In fact, even if you don't buy a steel floorsafe with a fancy lock, an ordinary door lock and 18mm flooring ply will make a fairly stubborn safe storage, and if the burglars don't find it, so much the better.

Be aware that trapdoors are very likely to squeak unless you take care to get a good tight fit with no flexing.

It might be damp under there. I know someone who has his own business, and when he buys expensive articles for cash, the vendors often comment that his banknotes feel damp :eek:

One of my former neighbours used to put wine under the floor, and forgot about it for some years until he was doing some work in the house and found it again.

While you are down there, you can clean out all the builders rubble and lag all the underfloor pipes with BS grade Climaflex or similar
 
The house I grew up in, an early 1900's semi, had a similar underfloor space - maybe 3' deep in our case. It also had a pantry under the stairs which had steps into it and a stone floor down at the real ground level. Lovely cool place for keeping stuff.

We took out the existing steps and built a set which would fold out of the way giving us access back into to the underfloor space.
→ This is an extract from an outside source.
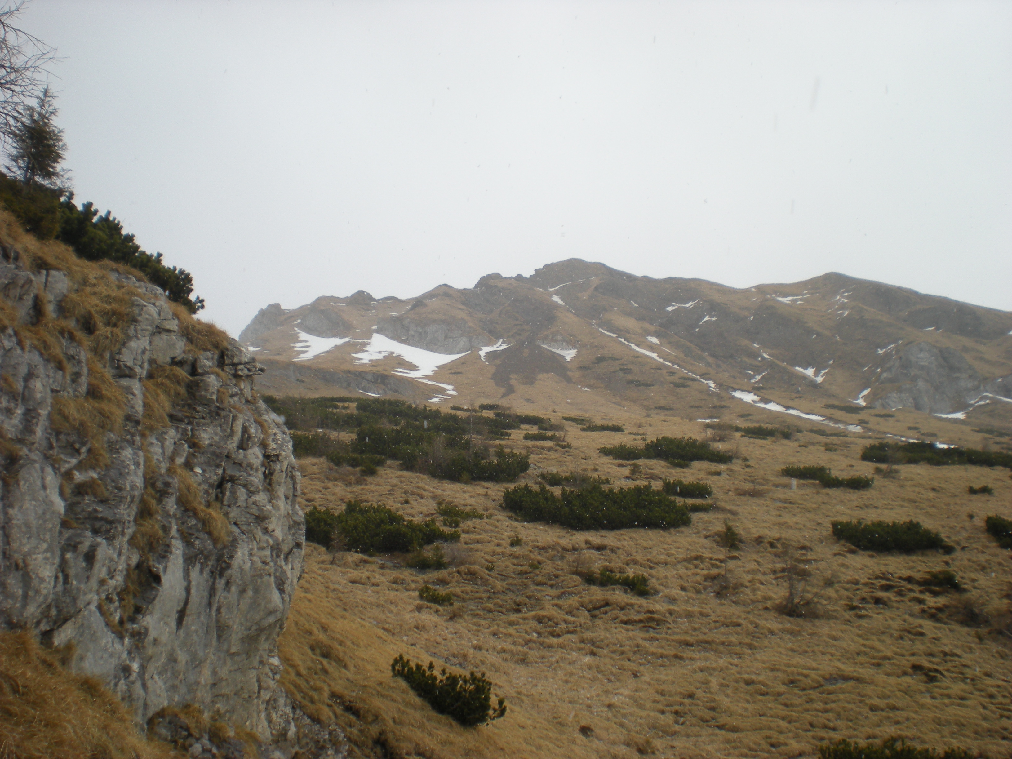 Comincia a piovigginare leggerissimo, siamo in un buco di “bel tempo” eppure il cielo preannuncia un cambiamento meteo che si fa più consistente man mano che guadagnamo quota. La pioggia di trasforma in “saladic”, pioggia ghiacciata che cade a palline, sembra proprio polistirolo. Noncuranti l’andatura concitata ci fa guadagnare velocemente quota rimontando i sempre più ripidi prati in vista della cima. Sopra di noi compare un branco di camosci.

Used to keep lots of stuff under there in plastic storage boxes.
 
With that depth, you could have the makings of a cellar; it sounds as if you have a great opportunity to investigate whether you could excavate a bit more to get enough headroom to stand up, depending on what is safe in terms of the house foundations.

With, say, a fixed ladder and a trapdoor, some lighting and shelving you would have some useful storage which would be maintained at an even temperature all year; though as John says, it could be damp.

It also makes it easy for you to insulate under your suspended floor.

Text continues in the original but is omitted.